Subsequently, in the epoch of the Austro-Hungarian Empire, wine started to regain significance on the Istrian peninsula – over thirty thousand hectares of vineyards had been planted. But these are the times of pestilence called filoxera, the vineyards wasted away and are being replanted...... and thus up to the modern times.

And Today...

Today, wine has become a must in Istria. And there is an even more interesting tale to be told. Naturally, times have changed ever since and recently, wine is not so important for the economic prosperity of this region; however, it strongly accounts for the development of a unique Istrian identity. Let us try to grasp the secret of Istrian wine for a moment.... The most significant typical sort is certainly the Istrian Malvasia. It is a white sort grown on almost two thirds of the entire grapevine plantations extending over this area. Though not common in other places, it has been for long a predominant sort in Istria, thus recognized as a synonim for the Istrian white wine.

Most frequently this is a dry wine, free of unboiled sugar residues, attaining its best quality within the first year after the vintage, straw yellow, of a moderate structure and density. It is usually classed among semi-flavored sorts, embodying a hardly noticeable almond bitterness, fresh fruit and flower bouquet, most often of locust blossom. Sometimes, grapes grown on sloping hills, particularly exposed to the sun, tend to make the wine structure more accentuated, of ripe fruit flavor, so then it needs to be left to age in oak wood (barrique), which will give it complexity, distinctive quality and constancy.

Of course, Istrian Malvasia can vary owing to the «terroir», or a combination of indigenous factors common to particular settings. Among these, we often mention two different types of soil – the red soil (terrarossa) most common in the coastal area, enriching the wine structure and marly soil in the hinterland where, as a rule, we tend to come upon the wines with a more delicate bouquet. Apart from Malvasia, the primary white sort in istria, the most typical red sort grown in this region is Teran. It gives a very unusual, ruby red wine with purple reflections, strong, unrestrained flavor, mostly wild fruit, with distinctive traits and sour substance and, by rule, of a lesser density in relation to the established norms for red wine sorts. Its special quality and lack of harmony, but only at first sight, leaves no one indifferent. As a matter of fact, recent tendencies in showing greater interest for unusual, local products, opens new potentials for this interesting sort.

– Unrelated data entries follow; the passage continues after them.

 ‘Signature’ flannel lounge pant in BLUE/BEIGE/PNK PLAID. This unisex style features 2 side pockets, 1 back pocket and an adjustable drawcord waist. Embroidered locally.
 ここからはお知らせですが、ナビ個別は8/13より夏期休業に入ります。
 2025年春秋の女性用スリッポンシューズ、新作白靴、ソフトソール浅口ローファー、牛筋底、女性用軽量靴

Young Teran is used to prepare Istrian supa, a traditional meal with warm, toasted bread dipped into the bukaleta, a jug of red wine. This specialty is still very popular at the Istrian table and it speaks of the ingenuity of the poor, local peasant whom supa often used to be the only daily meal.

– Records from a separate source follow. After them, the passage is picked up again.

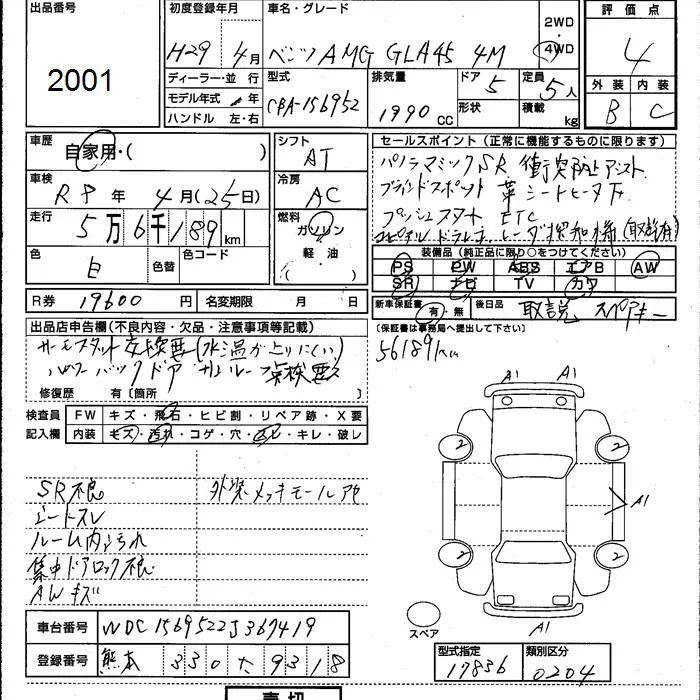 Mercedes-Benz AMG с аукциона Японии JU Kumamoto лот № 2001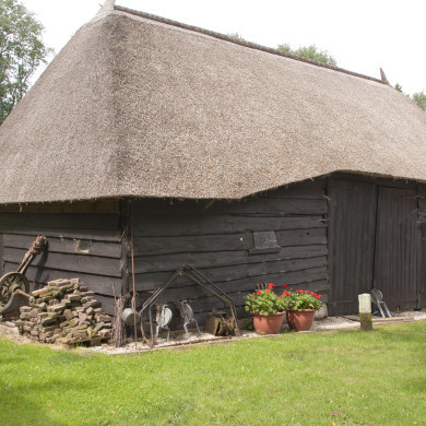 Houten VEESCHUUR (4) vermoedelijk uit de vroege twintigste eeuw met rechthoekige plattegrond, bestaande uit één bouwlaag afgesloten door een schilddak gedekt met riet. De gevels zijn voorzien van houten gepotdekselde wanden. De oostgevel bezit een dubbele deeldeur en een klein staldeurtje. De zuidgevel is voorzien van een staldeurtje. In de westgevel bevinden zich vijf ruiten. De schuur is in oorsprong mogelijk als schaapskooi gebouwd.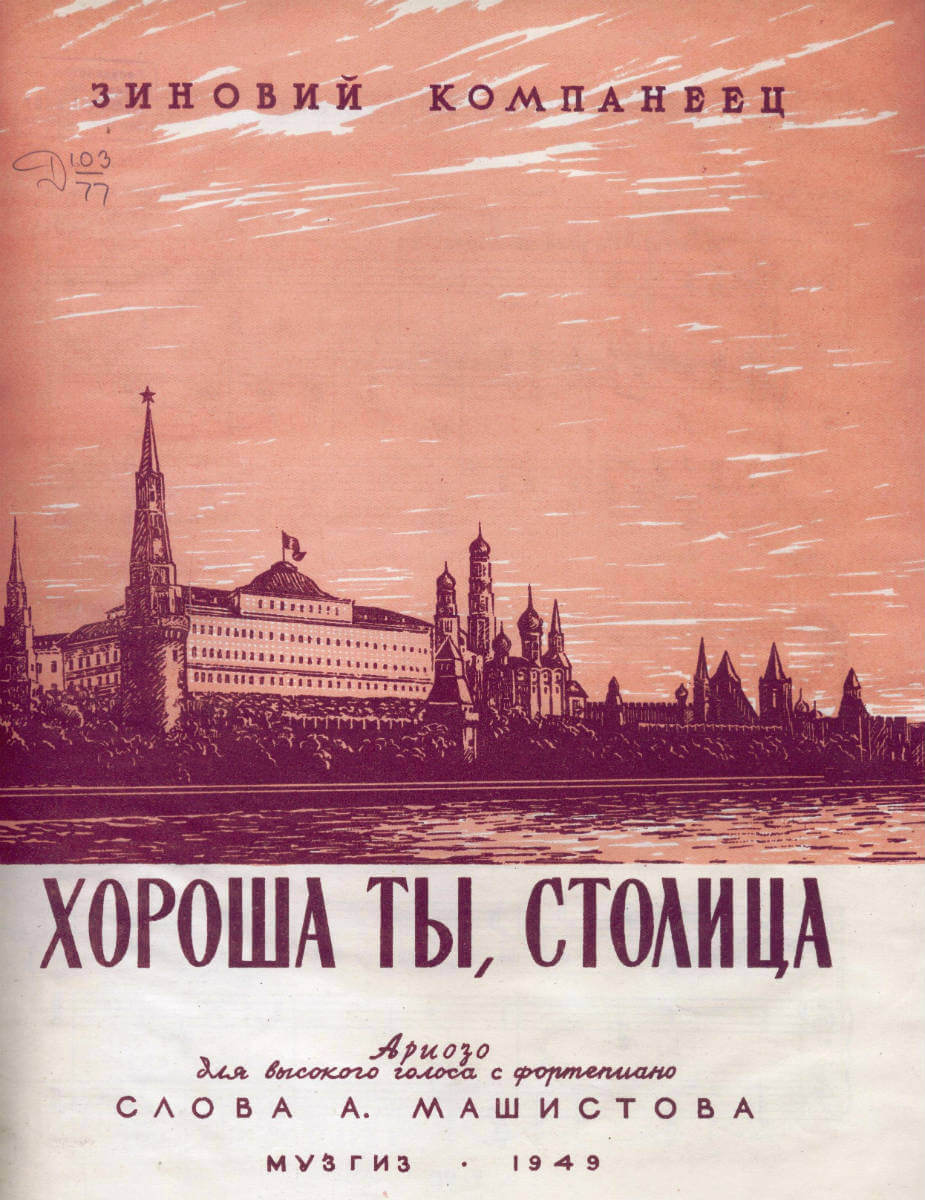 Компанеец, Зиновий Львович. Хороша ты, столица : ариозо для высокого голоса с сопровождением фортепиано / слова А. Машистова. Москва, 1949.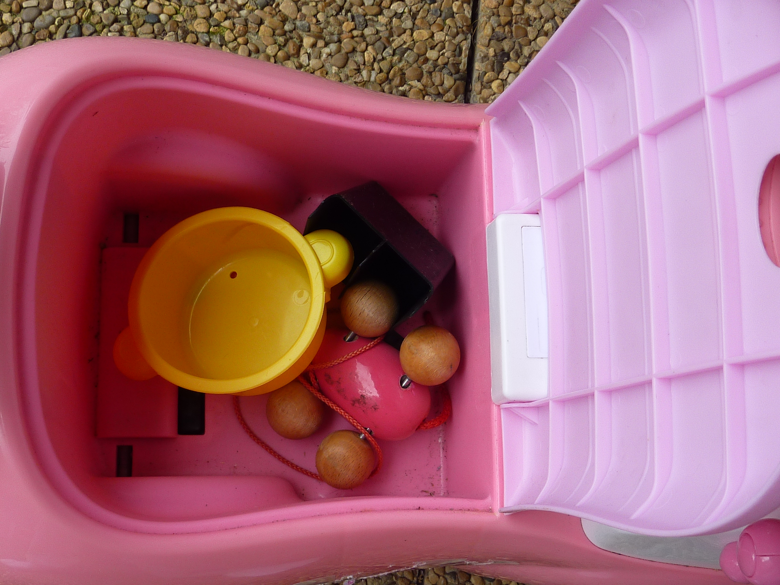 Il est également muni d’un coffre où elle fourre ce qui lui passe sous la main. En ce moment on y trouve : une casserole de dinette, une petite souris à tirer avec sa ficelle et un bloc noir. J’y ai déjà retrouvé son hochet Minnie, d’ailleurs où est il passé celui-là ? Et mon double des clés de l’appartement. Il est doté d’un sabot à l’arrière pour éviter que le tout ne bascule. Il y une poignée pour qu’elle puisse le pousser ou se faire pousser mais comme elle est un peu basse on ne peut pas faire des kilomètres avec dans un parc. En tous cas un bon porteur pour la maison ou pour de belles minutes de jeu à l’extérieur. Elle ne s’en lasse pas, je vais penser à lui présenter de nouveau sa petite moto et à acheter un beau tricycle.

Besides typical sorts such as Malvasia and Teran, indigenous to Istria, you can also find muscatel otonel such as the Momjan Muscat and the Rose Muscat from the Poreč area, both very pleasing wines, particularly those embodying the unboiled sugar residues, perfect to accompany desserts served at the end of the meal. With a little luck, rare, autochthonous sorts like Borgonja and Hrvatica, with the most delicate bouquet and density, can also be traced. From the usual European white grape sorts, Chardonnay, White Pinot and Gray Pinot have become increasingly popular in Istria. These are the superior quality wines, awarded several times at the international fairs.Usually, these wines are produced and poured to age into small oak barrels, known as barrique. From the red sorts common in Europe, Merlot has become increasingly popular nowadays in the Istrian vineyards. To a lesser degree, but with the tendency of diffusion, we can come upon Cabernet Sauvignon and Cabernet Franc, the widely appraised wine sorts from Bordeaux, France. It is quite rare for any wine-growing region in Europe to be able to achieve top results in the production of both white and red wine sorts; undoubtedly, Istria has managed to do that.